First Act: Nick spends the First Act being introduced to high society, with varying levels of success. He hangs out with his cousin Daisy and her brutish husband Tom, is introduced to Tom’s ill-fated relationship with the mechanic George Wilson and his bombshell wife Myrtle, and meets his own fling Jordan Baker. Gatsby doesn’t show up in the First Act, but his presence looms large as the light among lights in this glittering landscape. We particularly get the sense of a history between Gatsby and Daisy.

First Plot Point: Gatsby’s infamous party is a suitably glorious First Plot Point. On a thematic level, it aces the symbolism of the glittering corruption of the wealthy East Egg world into which country boy Nick Carraway is being lured. But even more importantly, its introduction of the strange and marvelous Jay Gatsby himself throws open the door that will usher Nick out of the Normal World. At the moment, all looks well. Gatsby and his world seem wonderful, and Nick is delighted to strike up a friendship with him.
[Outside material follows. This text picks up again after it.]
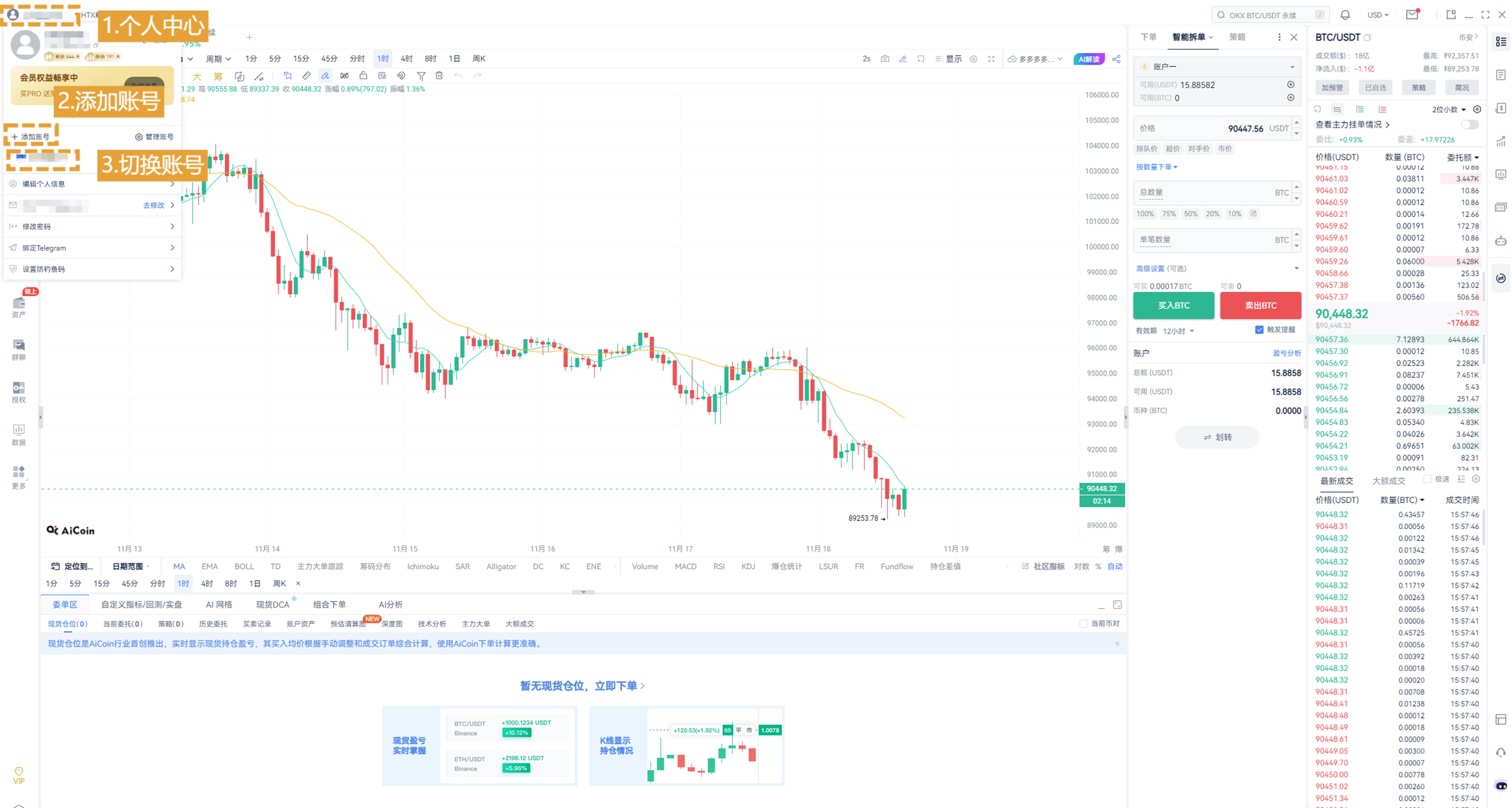 3. 【账号】支持添加AiCoin多个账号快速切换

He makes the decision to attend the party, and it’s that decision that will change his life.

First Half of the Second Act: Nick spends the First Half of the Second Act getting to know Gatsby and falling under his spell. Gatsby has certainly been corrupted by his lifestyle just as Daisy and the others have been. But he’s also different from the others. There’s a core of purity amidst his almost childlike hope, and in recognizing the differences between Gatsby and those around him, Nick begins to see the prevalent falsity in the East Egg world. Even still, Nick is being pulled into that corruption by Gatsby himself, as Gatsby introduces Nick to his underworld associates such as Meyer Wolfsheim and convinces Nick to help him arrange a meeting with his lost love Daisy Buchanan.
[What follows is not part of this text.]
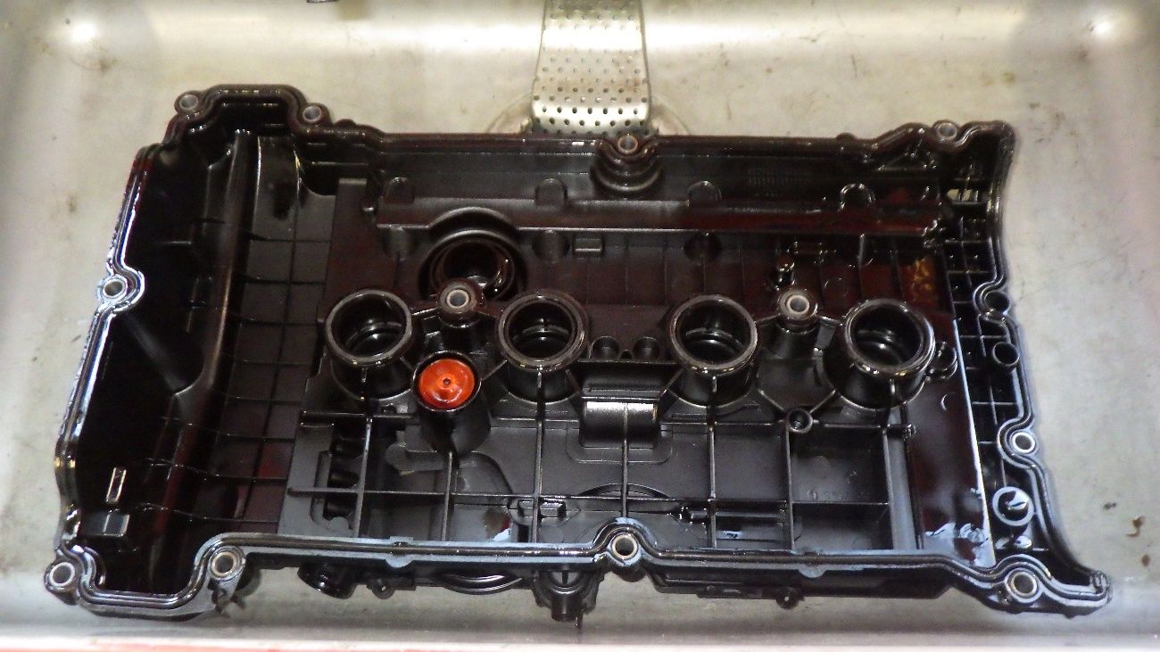 タペットカバーの組付けが完了致しました。交換後、オイル清掃を行っております。

Midpoint: After helping Gatsby arrange a strangely manic reunion with Daisy, Nick begins to learn the truth about Gatsby’s past. This glorious man, adored by all, is a phony. Nick grows impatient with Gatsby’s shenanigans, especially his insistence that he can repeat his romantic past with the fickle Daisy. In seeing through the cracks of even Gatsby—easily the best of the East Egg lot—Nick’s illusions about the beauty of this upper-class world begin to crumble.

Second Half of the Second Act: Nick becomes more and more (you guessed it!) disillusioned with the lives of his rich friends, as well as becoming more and more disgusted with their behavior. He watches Daisy engage in an affair with the obsessively and almost innocently hopeful Gatsby, while her hypocritical husband stews behind the scenes. Nick closes out the Second Act with an observation on his thirtieth birthday: “Before me stretched the portentous menacing road of a new decade.” Quite a change of mindset for the optimistic boy from the country.
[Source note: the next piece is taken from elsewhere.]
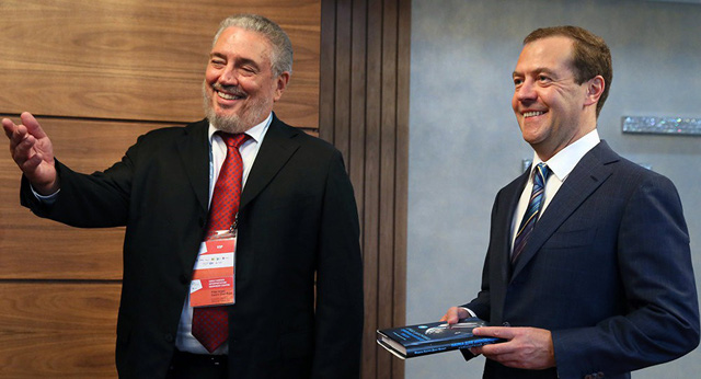 Ông Castro Diaz-Balart dự hội nghị khoa học ở Moscow cùng Thủ tướng Nga Dmitry Medvedev (Ảnh: Sputnik)

Third Plot Point: The Third Plot Point begins with a showdown between Gatsby and Daisy’s husband Tom, in which Tom reveals to Daisy that Gatsby has earned his money through criminal activities such as bootlegging. Daisy wavers from her decision to run away with Gatsby, and Tom orders Gatsby to drive her home. As Tom, Nick, and Jordan follow in a second car, they encounter a tremendous accident, in which they learn Gatsby’s yellow roadster hit and killed Tom’s mistress Myrtle. Nick is mostly an observer to these dramatic happenings, but they have brought him to a growingly irrevocable disgust for the entire East Egg set and their underhanded dealings with one another.

Third Act: After refusing to go with Jordan into the Buchanans’ house (in essence refusing to join their corrupt lifestyle), Nick encounters Gatsby and learns the truth of the drive-by accident: Gatsby wasn’t driving at all; Daisy was. Fearing Tom may harm Daisy, Gatsby insists on taking the blame for the accident and remains outside the Buchanans’ house all night. By now, the dark Truth has dawned for Nick. He knows too well that Tom and Daisy are one of kind. Daisy will let Gatsby take the blame, even as she distances herself from him without a second thought—not because remaining with her husband is the right thing to do but because she selfishly knows it’s in her best interest. Nick finally and conclusively realizes the East Egg crowd is a “rotten bunch.” He sticks around to try to help Gatsby, but from that point on, he’s no longer bewitched by the spectacles of wealth and beauty.

Climax: Nick’s disillusionment is complete when Gatsby is murdered by Myrtle’s husband—who believed Gatsby was responsible for her death and who then kills himself. All the people who flocked to Gatsby and his parties during his life disappear upon word of his death. Only a handful of mourners, Nick among them, attend his funeral.

Resolution: After the funeral, Nick distances himself from the East Egg crowd. Blinders now removed, he finds little to appreciate in the city life he once loved. He decides to return home, but not without officially ending his relationship with Jordan and confronting Tom. He revisits Gatsby’s house, where the grass is now overgrown, and he once again compares Gatsby, with his sense of wonder and hope, to the cynicism and selfishness of the world that destroyed him.